The coefficient of $$x^{1012}$$ in the expansion of $$(1 + x^n + x^{253})^{10}$$, (where $$n \leq 22$$ is any positive integer), is:

The given expression is $$(1 + x^n + x^{253})^{10}$$, and we need to find the coefficient of $$x^{1012}$$ where $$n$$ is a positive integer with $$n \leq 22$$.

In the expansion of $$(1 + x^n + x^{253})^{10}$$, each term arises from selecting one of the three options—$$1$$, $$x^n$$, or $$x^{253}$$—from each of the 10 factors. The general term is given by the multinomial coefficient:

$$\text{term} = \binom{10}{a, b, c} \cdot (1)^a \cdot (x^n)^b \cdot (x^{253})^c = \binom{10}{a, b, c} \cdot x^{n b + 253 c}$$

where $$a$$, $$b$$, and $$c$$ are non-negative integers satisfying $$a + b + c = 10$$, and $$\binom{10}{a, b, c} = \frac{10!}{a! b! c!}$$.

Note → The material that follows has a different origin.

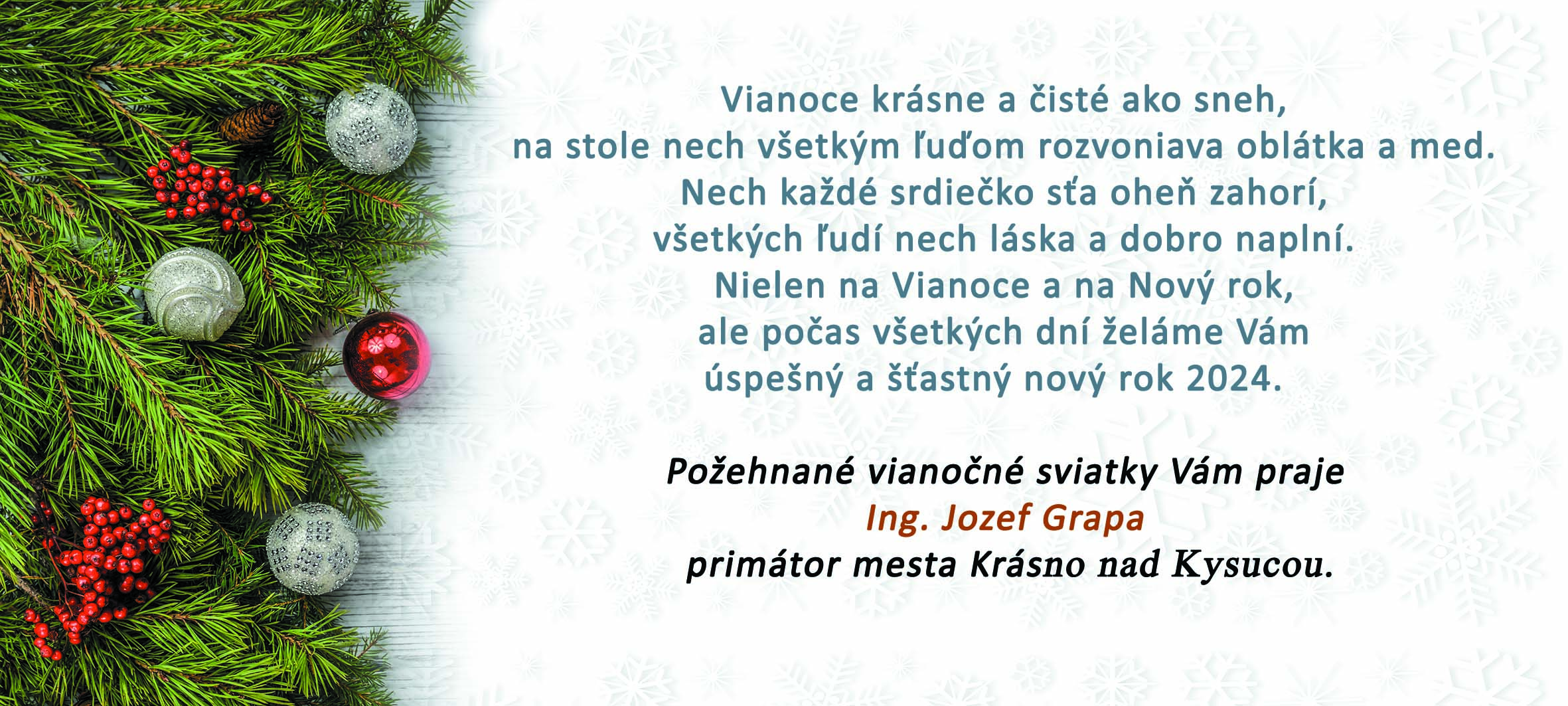 Pokojné a radostné prežitie vianočných sviatkov a šťastný nový rok 2024 Vám praje

We require the exponent of $$x$$ to be 1012:

$$n b + 253 c = 1012$$

and the constraint $$a + b + c = 10$$ implies $$b + c \leq 10$$ since $$a = 10 - b - c \geq 0$$.

Given $$n \leq 22$$, we solve for non-negative integers $$b$$ and $$c$$ such that $$n b + 253 c = 1012$$ and $$b + c \leq 10$$. Rearranging for $$b$$:

$$b = \frac{1012 - 253 c}{n}$$

Since $$b$$ must be a non-negative integer, $$1012 - 253 c$$ must be divisible by $$n$$ and non-negative. Also, $$253 c \leq 1012$$ implies $$c \leq \frac{1012}{253} \approx 4.00$$, so $$c$$ can be 0, 1, 2, 3, or 4.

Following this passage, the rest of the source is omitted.